** INFORMATION PROVIDED follows **

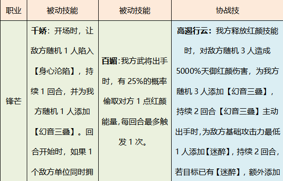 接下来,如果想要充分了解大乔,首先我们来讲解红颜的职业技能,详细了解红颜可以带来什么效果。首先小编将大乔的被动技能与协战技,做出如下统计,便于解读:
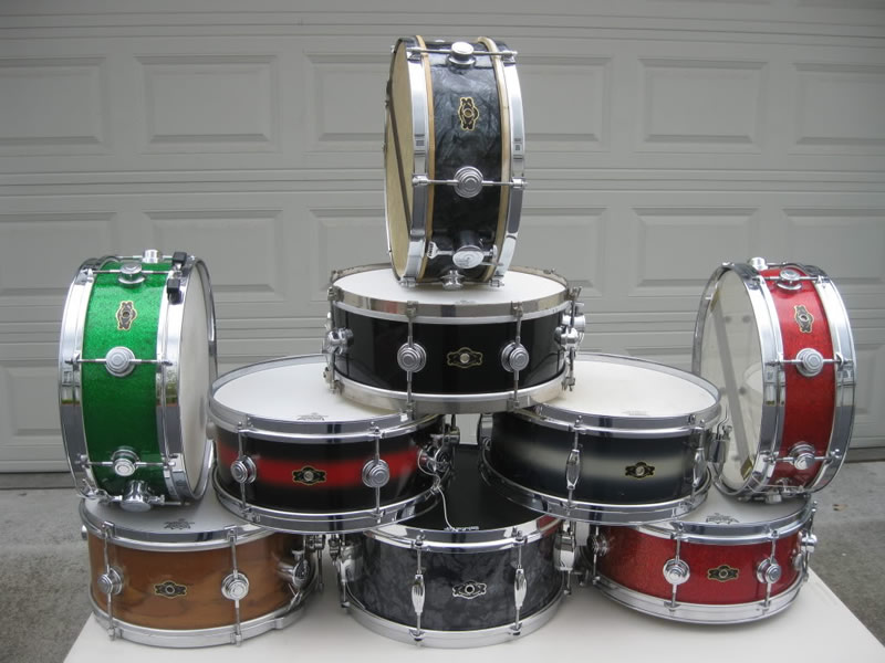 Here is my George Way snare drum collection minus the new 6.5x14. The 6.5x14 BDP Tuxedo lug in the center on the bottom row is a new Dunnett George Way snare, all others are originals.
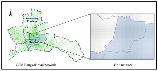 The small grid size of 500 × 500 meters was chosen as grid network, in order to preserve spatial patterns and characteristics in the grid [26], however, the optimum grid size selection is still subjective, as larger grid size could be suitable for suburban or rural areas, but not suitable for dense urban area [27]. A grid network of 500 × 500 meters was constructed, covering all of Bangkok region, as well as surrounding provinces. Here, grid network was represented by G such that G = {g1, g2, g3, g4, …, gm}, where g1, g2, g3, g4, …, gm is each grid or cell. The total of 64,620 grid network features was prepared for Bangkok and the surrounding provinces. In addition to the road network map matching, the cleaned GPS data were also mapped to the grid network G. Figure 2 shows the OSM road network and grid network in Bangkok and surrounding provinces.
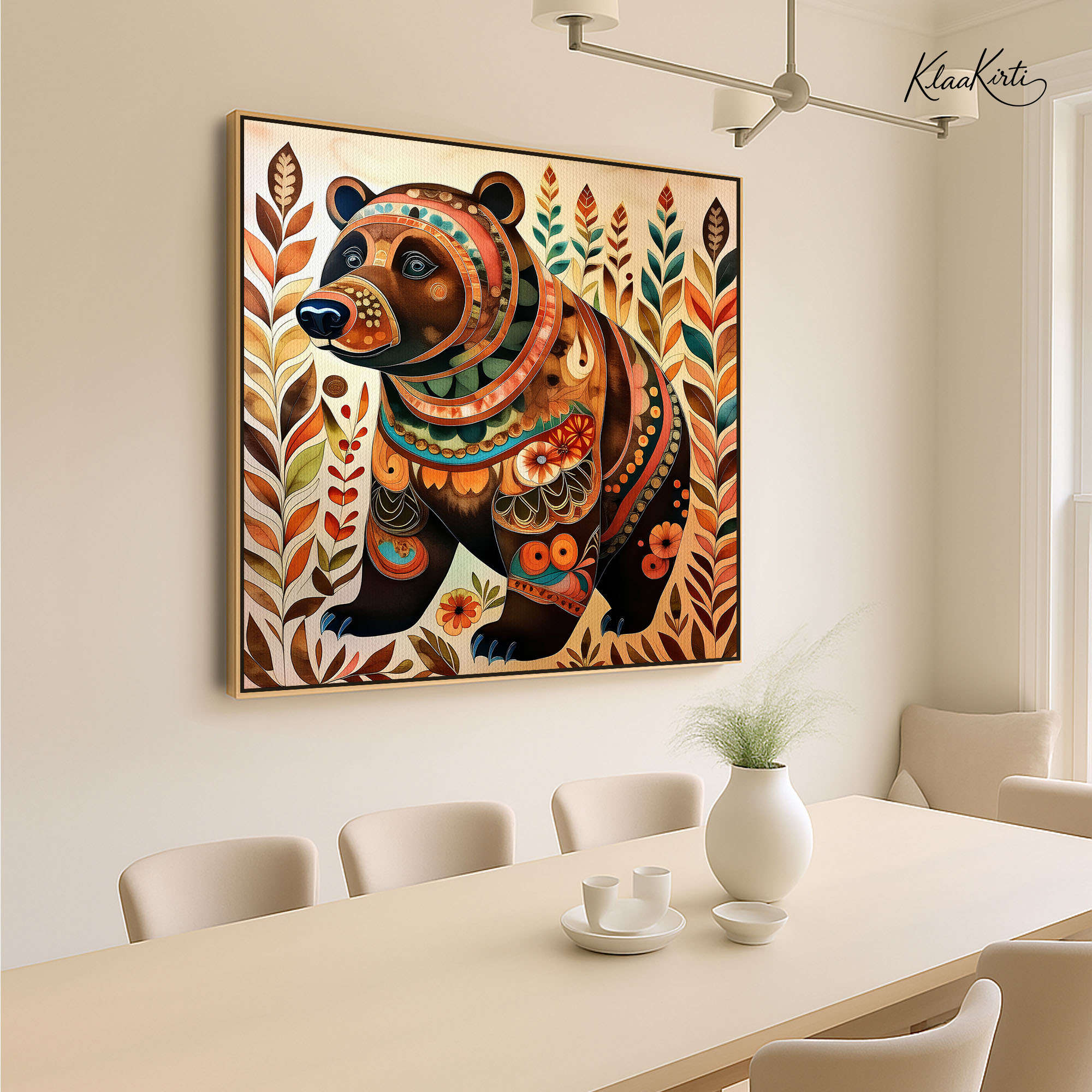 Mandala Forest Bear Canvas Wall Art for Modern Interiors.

** End of INFORMATION PROVIDED **

Reproduce the material exactly; keep pictures out.

REPLY TO THE TASK
 接下来,如果想要充分了解大乔,首先我们来讲解红颜的职业技能,详细了解红颜可以带来什么效果。首先小编将大乔的被动技能与协战技,做出如下统计,便于解读:
 Here is my George Way snare drum collection minus the new 6.5x14. The 6.5x14 BDP Tuxedo lug in the center on the bottom row is a new Dunnett George Way snare, all others are originals.
 The small grid size of 500 × 500 meters was chosen as grid network, in order to preserve spatial patterns and characteristics in the grid [26], however, the optimum grid size selection is still subjective, as larger grid size could be suitable for suburban or rural areas, but not suitable for dense urban area [27]. A grid network of 500 × 500 meters was constructed, covering all of Bangkok region, as well as surrounding provinces. Here, grid network was represented by G such that G = {g1, g2, g3, g4, …, gm}, where g1, g2, g3, g4, …, gm is each grid or cell. The total of 64,620 grid network features was prepared for Bangkok and the surrounding provinces. In addition to the road network map matching, the cleaned GPS data were also mapped to the grid network G. Figure 2 shows the OSM road network and grid network in Bangkok and surrounding provinces.
 Mandala Forest Bear Canvas Wall Art for Modern Interiors.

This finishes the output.